**YOUR GOAL:**
Restate each of the lines below word for word and drop every picture.

**PROVIDED DATA:**
########################################
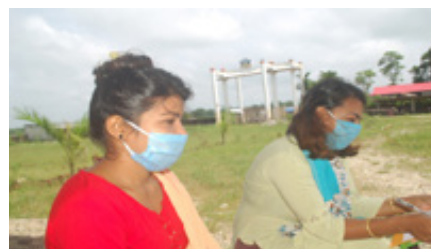
1. Teachers taking body temperature of parents, 2. Washing hands with soap, 3. Teachers taking attendance of parents
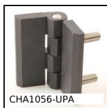
Molded polyamide face-mounted hinge,
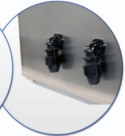
Any Connections - All Washdown, even quick disconnects.
########################################
**RESULT BELOW:**
1. Teachers taking body temperature of parents, 2. Washing hands with soap, 3. Teachers taking attendance of parents
Molded polyamide face-mounted hinge,
Any Connections - All Washdown, even quick disconnects.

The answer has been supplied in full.